Светская жизнь парижского салона Варвары Павловны – в тягость Лаврецкому: «жизнь подчас тяжела становилась у него на плечах, – тяжела, потому что пуста» (6, 51). Фёдор Иванович слушал лекции в Сорбонне и Коллеж де Франс, читал газеты, делал переводы, но все эти занятия не заполняли духовной пустоты, не лечили ностальгию, тоску по родине и по настоящему делу: «Я не теряю времени, – думал он, – всё это полезно; но к будущей зиме надобно непременно вернуться в Россию и приняться за дело. Трудно сказать, ясно ли он сознавал, в чём собственно состояло это дело, и Бог знает, удалось ли бы ему вернуться в Россию к зиме; пока он ехал с женою в Баден-Баден... Неожиданный случай разрушил все его планы» (6, 51).
Эта сюжетная перипетия – неизбежное следствие действия инфернальных сил, потенциально-разрушительная работа которых началась с момента слепой увлечённости Лаврецкого лицедейкой Варварой Павловной. За блистательной ширмой музыкальных и танцевальных вечеров, устраиваемых «cette grande dame russe si distinguée» (этой знатной русской дамой, такой изящной) (6, 51), скрывается не только праздность и пустота. Всё здесь дышит тленом, пороком, предательством. Нескладная семейная жизнь Лаврецкого опутывает его липкой паутиной хитросплетений, лжи, криводушия.

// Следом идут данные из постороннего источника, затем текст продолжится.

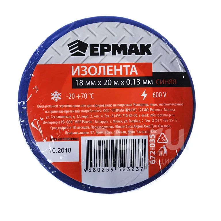 Изолента Премиум синяя 18мм*20 метров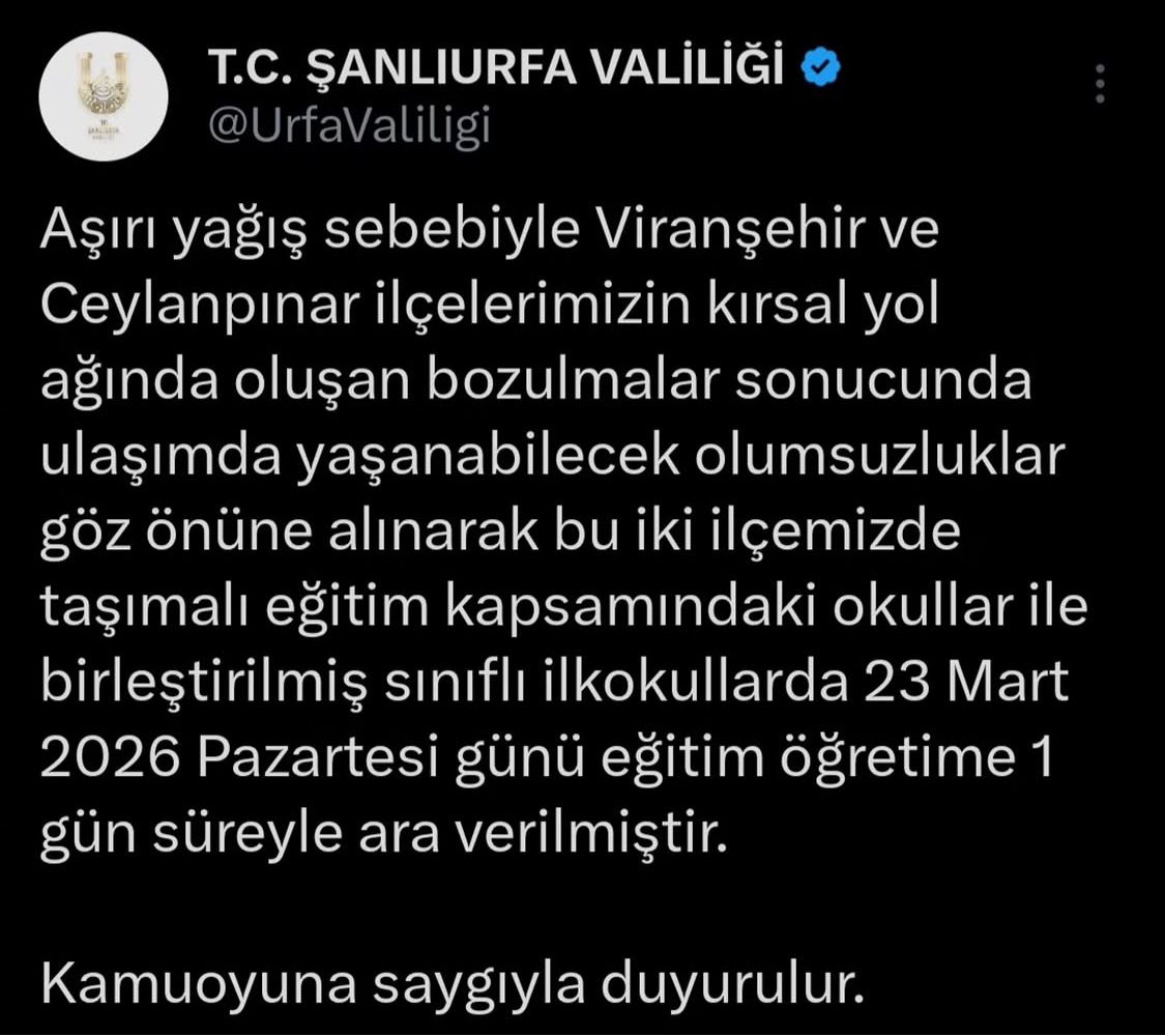 Urfa Valiliğinden yapılan açıklamada, şu ifadelere yer verildi:“Aşırı yağış sebebiyle Viranşehir ve Ceylanpınar ilçelerimizin kırsal yol ağında oluşan bozulmalar sonucunda ulaşımda yaşanabilecek olumsuzluklar göz önüne alınarak bu iki ilçemizde taşımalı eğitim kapsamındaki okullar ile birleştirilmiş sınıflı ilkokullarda 23 Mart 2026 Pazartesi günü eğitim öğretime 1 gün süreyle ara verilmiştir.”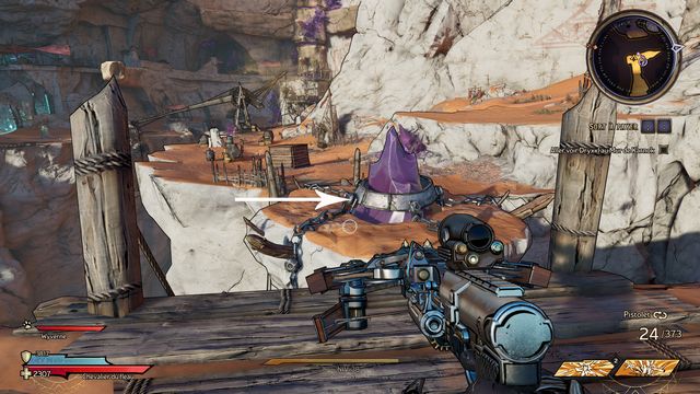 Vous pouvez désormais traverser le ravin. Vous rejoignez un pont cassé, tirez sur le quartz quand Mâtard vous le demande (photo ci-dessous à gauche). La plateforme descend, vous pouvez alors sauter dessus pour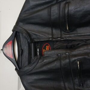 This Hot Leathers jacket combines a sleek black design with a vintage appeal, perfect for adding a touch of classic style to your wardrobe. Its structured seams and collarless design offer a modern twist, making it an ideal choice for casual outings.

Греховное, безбожное существование едва не привело к непоправимой трагедии. Случайно, из обронённой любовной записки узнав об измене жены, Лаврецкий потерял контроль над собой, «обезумел». Выпущенные на волю бесы тёмных страстей – яростного гнева, ревности, жажды мщения – тащат свою жертву на дно вихревого круговорота, провоцируя духовно-нравственное и физическое разрушение. Сколь бесконечно возрастание для души в Боге, столь же бесконечным может быть её противоположно направленное движение – падение без Бога: «сквозь какой-то тёмный вихрь мерещились ему бледные лица; мучительно замирало сердце; ему казалось, что он падал, падал, падал... и конца не было...» (6, 52).
Тургенев – мастер в изображении «тайной психологии» – на этот раз явно – через внешние проявления, жесты, формы несобственно прямой речи, обрывки фраз, когда голос автора сливается с голосом героя, – аналитически рассматривает внутреннее состояние своего героя в момент душевного потрясения: «Лаврецкий не сразу понял, что такое он прочёл; прочёл во второй раз – и голова у него закружилась, пол заходил под ногами, как палуба корабля во время качки. Он и закричал, и задохнулся, и заплакал в одно мгновение. Он обезумел. Он так слепо доверял своей жене; возможность обмана, измены никогда не представлялась его мысли. Этот Эрнест, этот любовник его жены, был белокурый, смазливый мальчик лет двадцати трёх, со вздёрнутым носиком и тонкими усиками, едва ли не самый ничтожный изо всех её знакомых» (6, 52).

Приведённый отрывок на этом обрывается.